【Drug Name】
Generic Name: Quadrivalent Influenza Virus Subunit Vaccine
Commodity name: Huierkangxin
English name: Quadrivalent Subunit Influenza Vaccine
Hanyu Pinyin: Sijia Liugan Bingdu Yadanwei Yimiao
【Ingredients】
This product is made by inoculating chicken embryos with influenza A and B (referred to as influenza) virus strains recommended by the World Health Organization (WHO), and then cultured, harvested viral fluid, ultrafiltration concentration, virus lysis centrifugation, purification, virus inactivation, and repurification to harvest hemagglutinin and neuraminidase. Free of preservatives and antibiotics.

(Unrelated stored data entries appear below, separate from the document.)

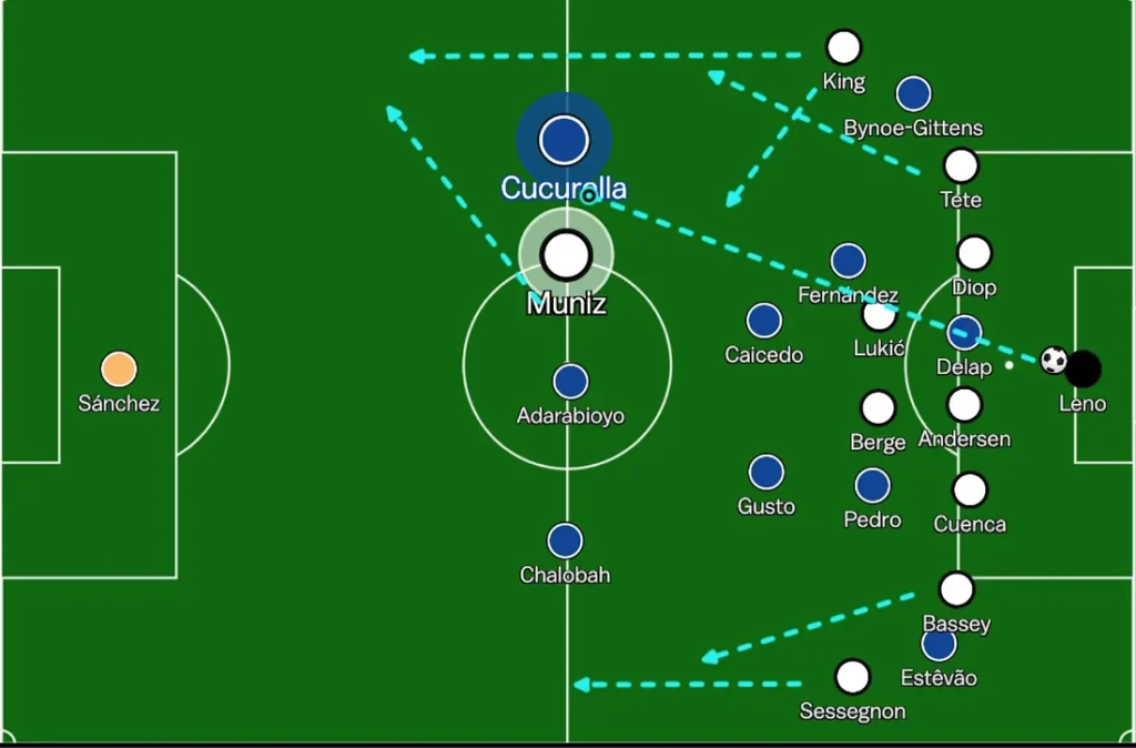 That’s enough on how Fulham defend our SW6 territory. How do we win? Don’t worry fellas and felletes, I’m about to tell you. As I’ve shown, Chelsea deploy a box midfield, inverting their full backs, Gusto into the middle of the park, as Cucuerlla tucks inside to form a back three. If Fulham can break at speed, Maresca’s merry bunch of mugs can be exposed out wide. Keep a rigid midfield base, and play the outlet wide ball. Exploit the space left by Gusto’s central inroads, and Cucurella’s tendency to tuck into a back three. Play into the channels, off Muniz, or emulate our first half passages of play we flashed against Bristol City, with quick, concise passages of play unleashing the Whites’ wide options.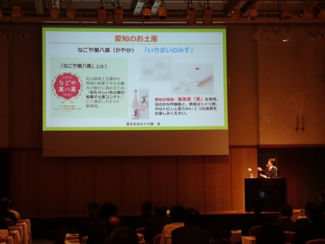 セミナー内では愛知県の魅力や産業施策を大村知事がプレゼンテーション。そのなかで地元の和菓子職人の手技を活かし、‘‘和菓子どころ名古屋‘‘の魅力を伝える新しい土産品として「なごや菓八菓」をご紹介いただきました。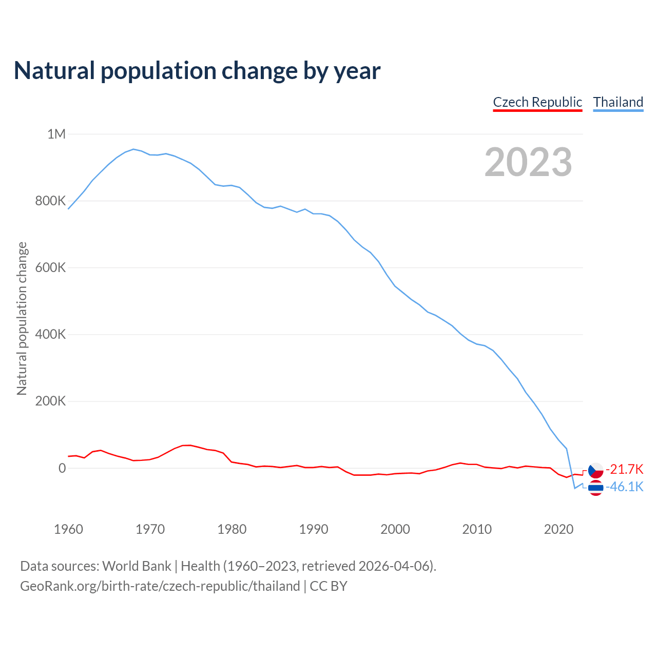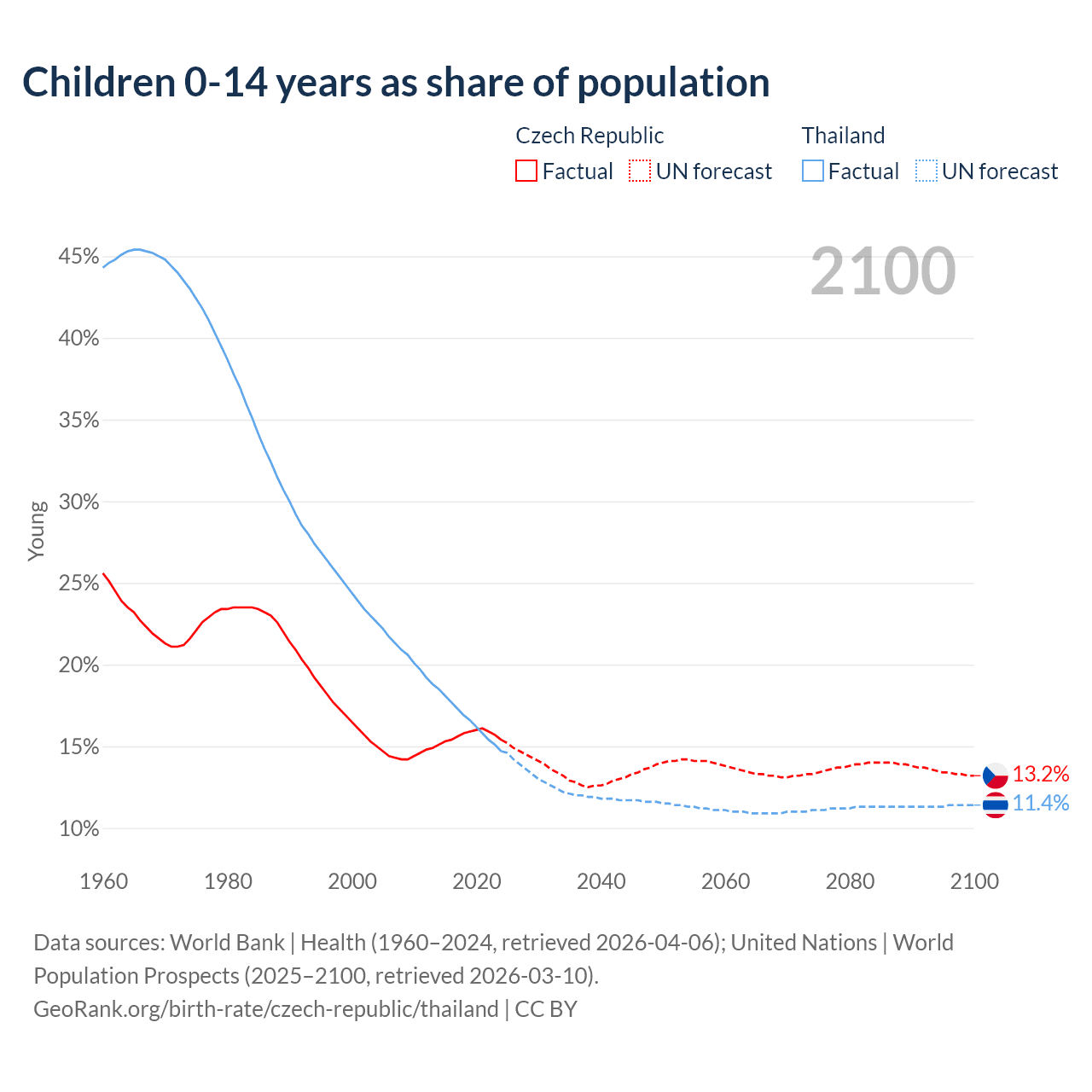 According to the latest available data on birth rates, the fertility rate in the Czech Republic was 1.45 children per woman in 2023, compared to 1.21 in Thailand in 2023. The replacement level is considered to be 2.1 children per woman.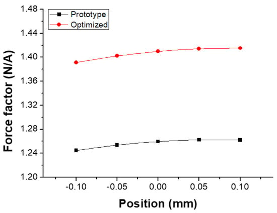 By combining all results, the final optimized force factor is obtained, which is shown in Figure 11. The optimized model has a 12% higher force factor than the original prototype.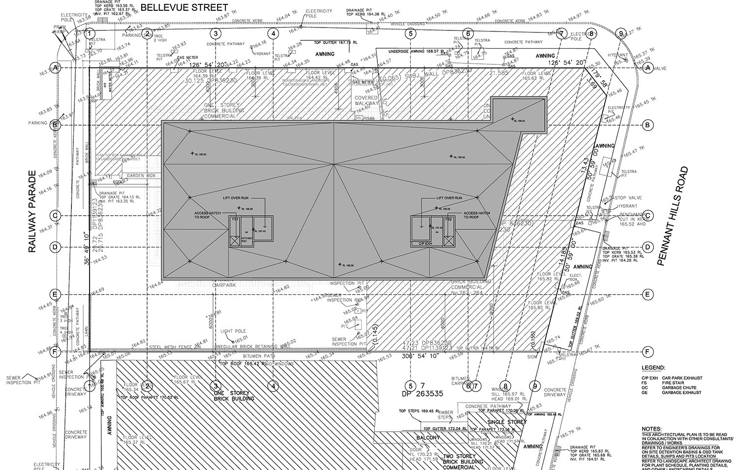 The proposed building is a 10-storey apartment building including nine residential storey, ground floor commercial with three basement carpark level, at 258-264 Pennant Hills Road, Thornleigh.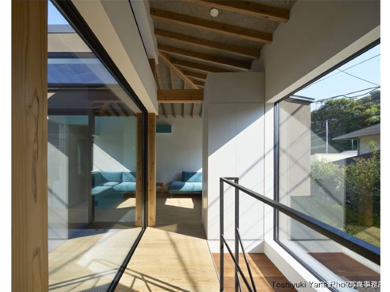 通路からリビング正面をみる。 左右の窓ガラスから外部空間や風景が映しだされ、左側の窓に虚像が写しだされている。

This product contains egg ingredients.
Active ingredients: Hemagglutinin of various types of influenza virus strains used that year. This product contains per 0.5ml:
A/Victoria/2570/2019(H1N1)pdm09-like virus 15µghemagglutinin
A/Darwin/9/2021(H3N2)-like virus 15µghemagglutinin
B/Phuket/3073/2013(B/Yamagata lineage)-like virus 15µghemagglutinin
B/Austria/1359417/2021(B/Victoria lineage)-like virus 15µghemagglutinin
Excipients: sodium dihydrogen phosphate, anhydrous disodium hydrogen phosphate, sodium chloride.
【Properties】
This product is an injection and is a slightly milky white liquid.
【Vaccination target】
This product is used for people aged 3 and above; It is especially recommended for susceptible people and people who are prone to related complications, such as children, the elderly, the frail, and people in influenza-endemic areas.
【Function and use】
After vaccination with this product, it can stimulate the body to produce immunity against influenza virus. It is used to prevent influenza caused by vaccine-related influenza viruses.
【Specifications】
0.5ml per vial. The human dose is 0.5ml per 1 time, and the hemagglutinin containing various types of influenza virus strains should be 15μg.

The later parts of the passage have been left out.